Within the listing below, give again exactly the lines between the one containing "Un marque-place classique" and the one containing "Dr. Battey's report", inclusive, pictures left aside.

Input data ::
⁂
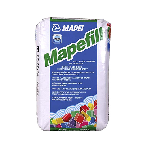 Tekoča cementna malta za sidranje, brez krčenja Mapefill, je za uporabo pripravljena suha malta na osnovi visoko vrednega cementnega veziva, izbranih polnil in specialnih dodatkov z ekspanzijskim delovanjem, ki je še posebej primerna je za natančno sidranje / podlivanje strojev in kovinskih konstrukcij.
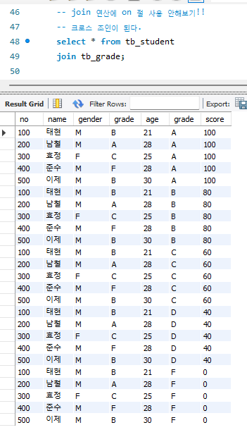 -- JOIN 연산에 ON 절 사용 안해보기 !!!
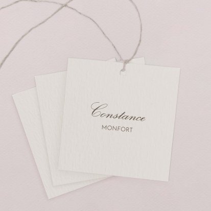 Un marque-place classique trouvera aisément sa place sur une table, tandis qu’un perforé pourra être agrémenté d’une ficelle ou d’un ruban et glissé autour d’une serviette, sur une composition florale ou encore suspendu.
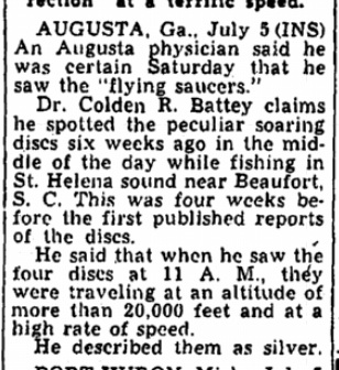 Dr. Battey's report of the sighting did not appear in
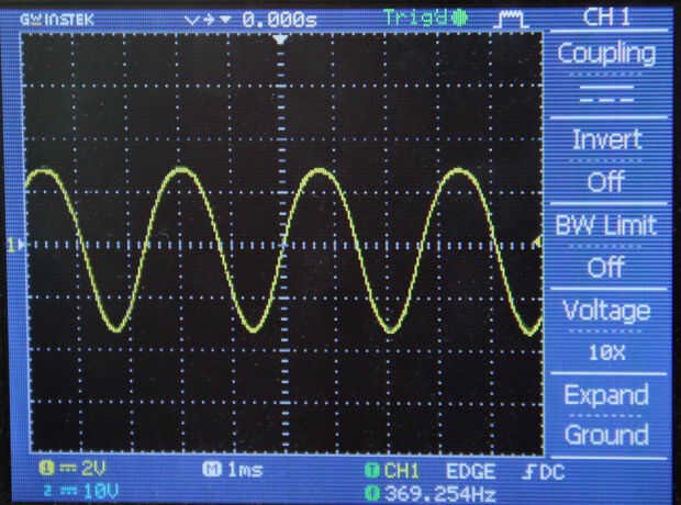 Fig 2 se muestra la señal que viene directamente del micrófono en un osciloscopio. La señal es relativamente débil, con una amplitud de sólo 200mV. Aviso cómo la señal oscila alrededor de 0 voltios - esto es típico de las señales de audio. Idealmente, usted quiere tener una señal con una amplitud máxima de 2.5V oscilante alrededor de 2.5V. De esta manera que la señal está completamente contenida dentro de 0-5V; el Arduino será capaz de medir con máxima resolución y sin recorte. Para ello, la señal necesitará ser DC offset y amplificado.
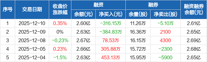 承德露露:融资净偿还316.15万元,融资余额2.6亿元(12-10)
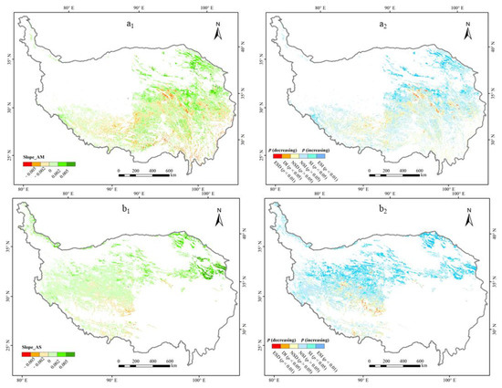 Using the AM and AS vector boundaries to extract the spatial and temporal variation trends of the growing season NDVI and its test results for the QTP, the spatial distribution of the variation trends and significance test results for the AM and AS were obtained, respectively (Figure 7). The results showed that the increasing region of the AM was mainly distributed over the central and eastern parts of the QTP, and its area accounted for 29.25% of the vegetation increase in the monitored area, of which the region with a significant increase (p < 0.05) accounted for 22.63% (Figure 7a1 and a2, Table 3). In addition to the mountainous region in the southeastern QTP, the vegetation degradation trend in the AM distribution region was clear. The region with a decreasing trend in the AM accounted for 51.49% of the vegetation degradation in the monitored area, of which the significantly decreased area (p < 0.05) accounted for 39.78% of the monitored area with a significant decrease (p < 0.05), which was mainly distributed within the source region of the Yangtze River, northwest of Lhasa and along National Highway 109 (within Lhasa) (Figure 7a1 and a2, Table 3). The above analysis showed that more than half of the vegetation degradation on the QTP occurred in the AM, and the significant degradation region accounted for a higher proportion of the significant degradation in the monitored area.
⁂
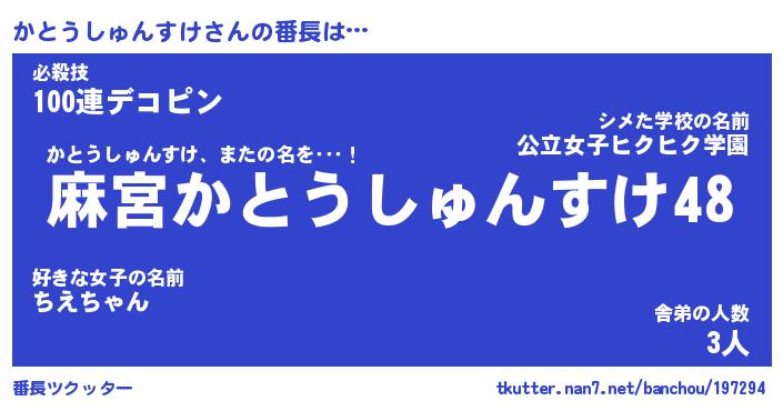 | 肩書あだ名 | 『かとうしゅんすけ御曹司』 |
⁂
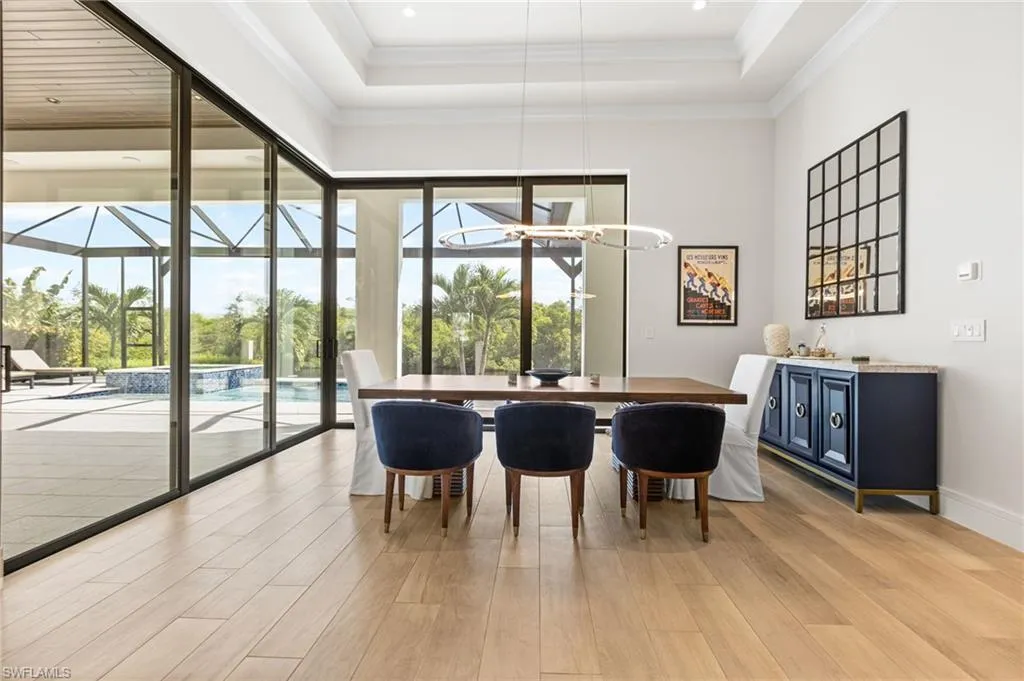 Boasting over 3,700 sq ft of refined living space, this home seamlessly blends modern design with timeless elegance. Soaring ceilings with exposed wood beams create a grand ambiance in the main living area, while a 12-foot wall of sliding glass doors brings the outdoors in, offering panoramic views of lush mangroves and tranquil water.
⁂
Task solution ::
 Un marque-place classique trouvera aisément sa place sur une table, tandis qu’un perforé pourra être agrémenté d’une ficelle ou d’un ruban et glissé autour d’une serviette, sur une composition florale ou encore suspendu.
 Dr. Battey's report of the sighting did not appear in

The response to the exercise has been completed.